We’ll first look at some basic statistical properties. In the examples below, we use c()
to group together the results into a vector so that they’re easier to see all in a row instead of being printed out on separate lines.
As you can see, the mean of x values for all the data sets are the same:
c(mean(anscombe$x1), mean(anscombe$x2), mean(anscombe$x3), mean(anscombe$x4))
## [1] 9 9 9 9
As is the variance of x values:
c(var(anscombe$x1), var(anscombe$x2), var(anscombe$x3), var(anscombe$x4))
## [1] 11 11 11 11
The mean of y values is the same to several decimal places:
c(mean(anscombe$y1), mean(anscombe$y2), mean(anscombe$y3), mean(anscombe$y4))

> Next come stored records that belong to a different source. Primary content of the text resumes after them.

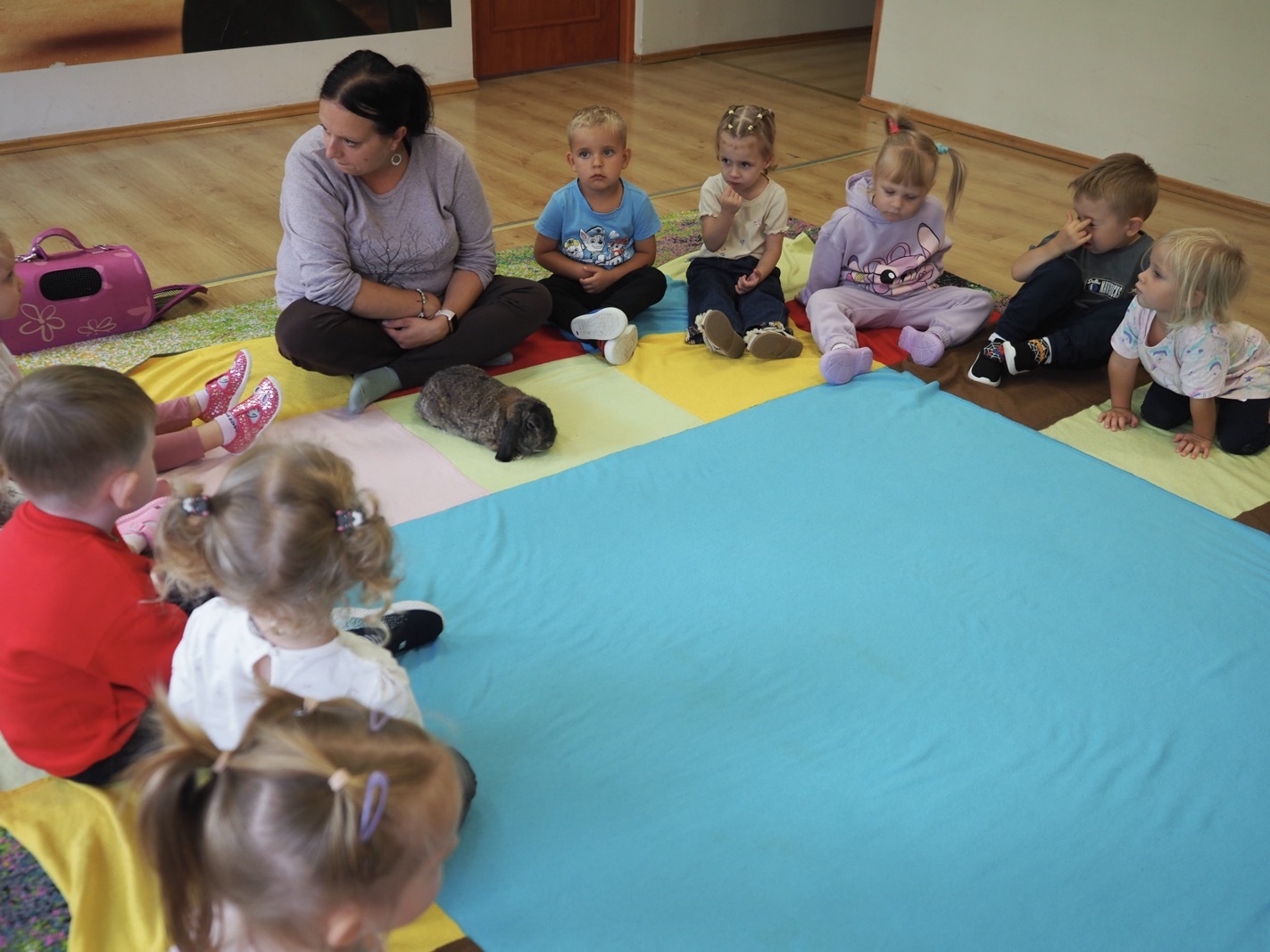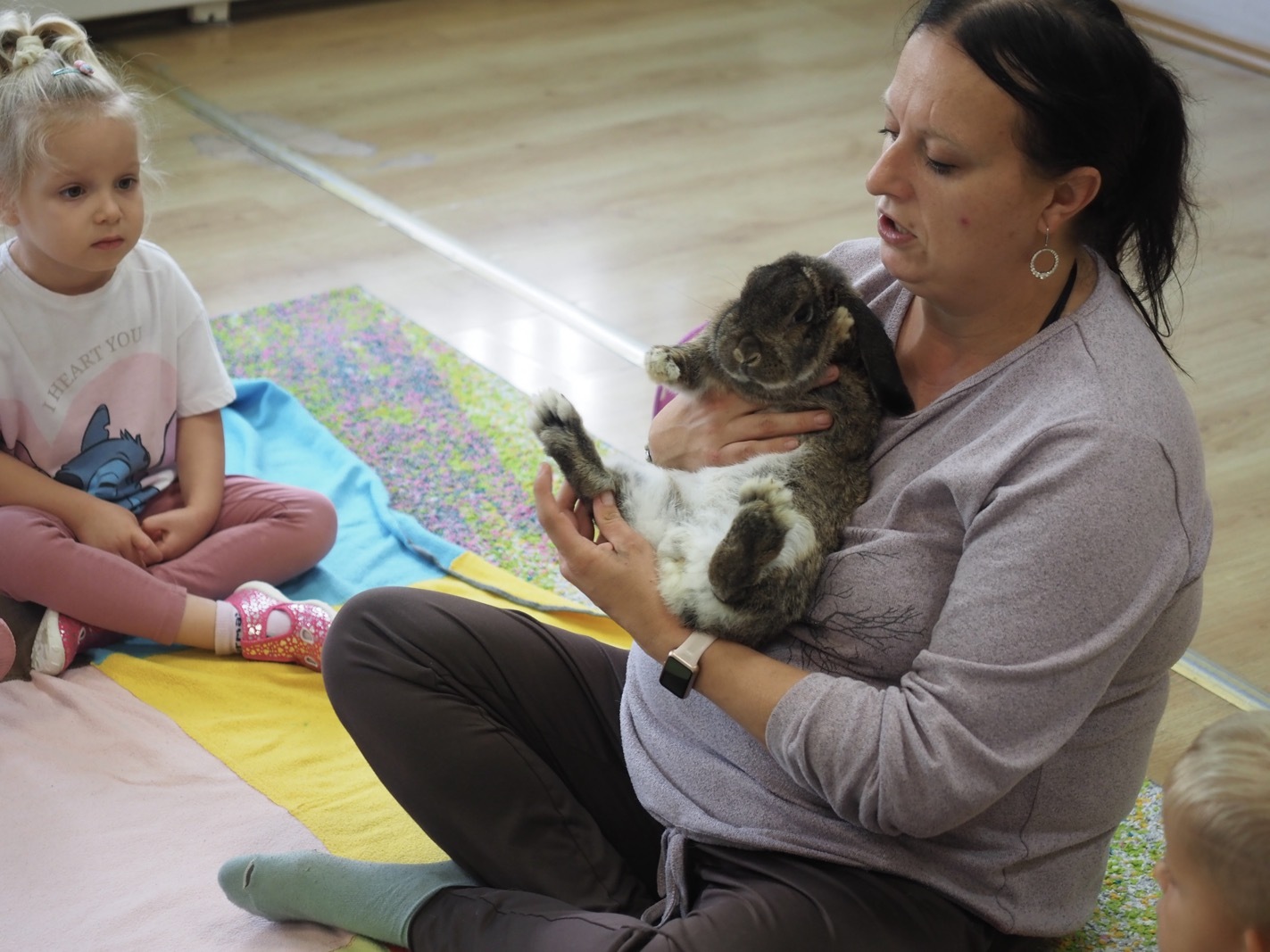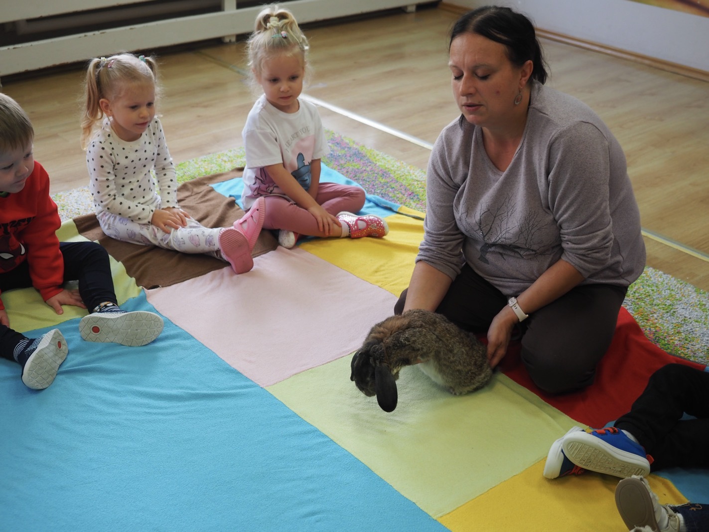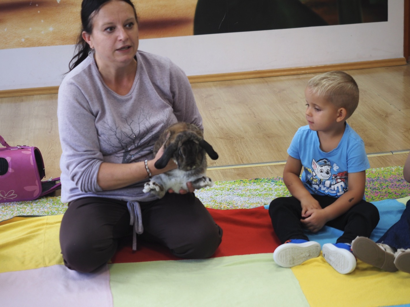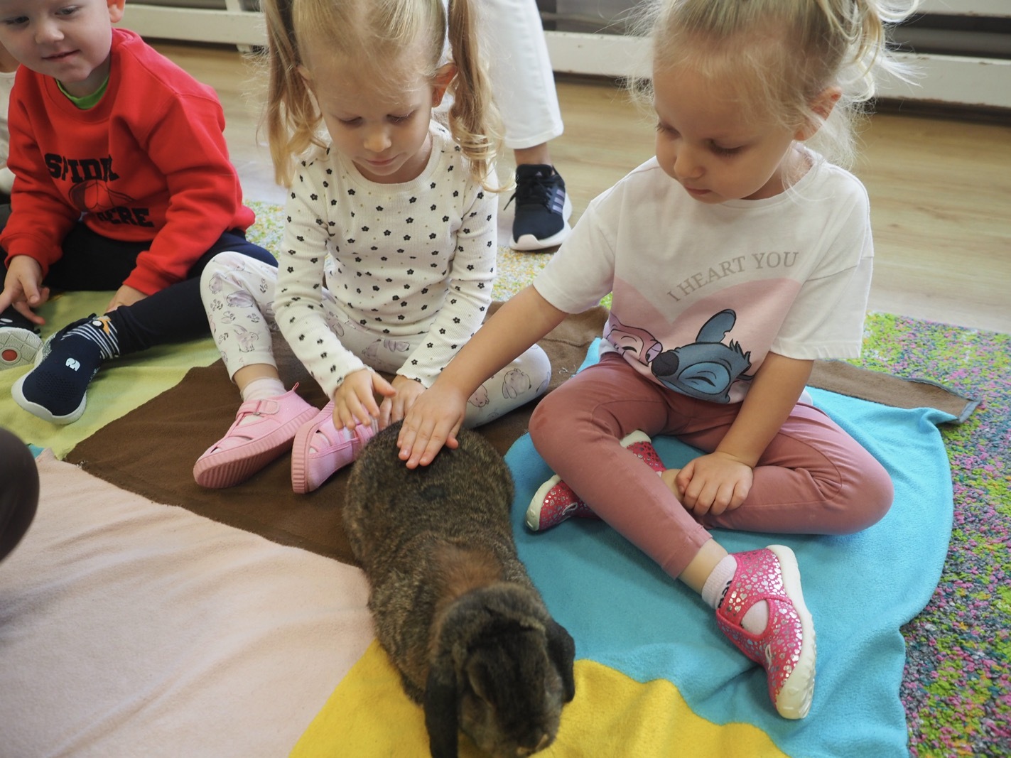Dziś poznaliśmy cudownego króliczka - grupa 1. Każdy mógł pogłaskać zwierzątko i sprawdzić jakie ma długie i ciepłe uszka. Pierwsze w tym roku Warsztaty Przyrodnicze - Zwierzaki Cudaki. Kolejne już w październiku, wtedy poznamy inne zwierzątko.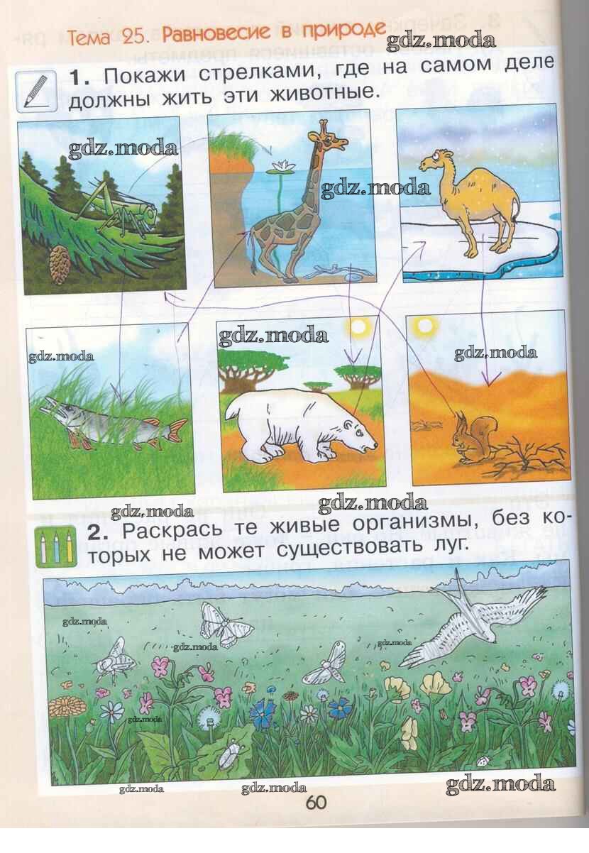 ГДЗ решение к заданию № 60 Окружающий мир 1 класс рабочая тетрадь Вахрушев А.А. Баласс 2015 ФГОС бесплатно на гдз.мода!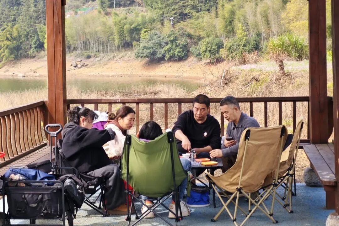 步入桃花岛,仿若置身画卷。山坡上、步道旁,粉黛桃花与金黄油菜花交相辉映,层层叠叠,铺展出一幅生机盎然的春日图景。游客三五成群,或驻足拍照,将笑靥与花影一同定格;或沿步道缓行,沉浸于山水相依的田园风光。休憩亭中,有人引吭高歌,以山野为舞台;水畔茶席旁,有人围炉煮茶,品一口春日的清欢。动静之间,尽显人与自然的和谐相融。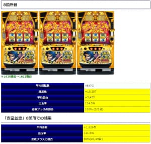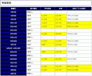 内容を見てみると、今回際立った結果となったのは「ルパン2000カラット」でしょう。全台差玉プラス結果となっており、+33,840発、+23,730発、+17,050発と目に見えてわかる好結果となっており、一際目立つ存在となっていた事でしょう。

## [1] 7.500909 7.500909 7.500000 7.500909
The variance of y values is also very similar:
c(var(anscombe$y1), var(anscombe$y2), var(anscombe$y3), var(anscombe$y4))
## [1] 4.127269 4.127629 4.122620 4.123249
However, when we plot the different data sets, we see that they all look quite different:
Anscombe’s work has been taken a step further by a recent paper that showed how to generate datasets that look different but have nearly identical statistical properties.
For this example, we’ll use the x and y values from the first data set in Anscombe’s Quartet. We’ll create a second data frame to avoid overwriting the original data.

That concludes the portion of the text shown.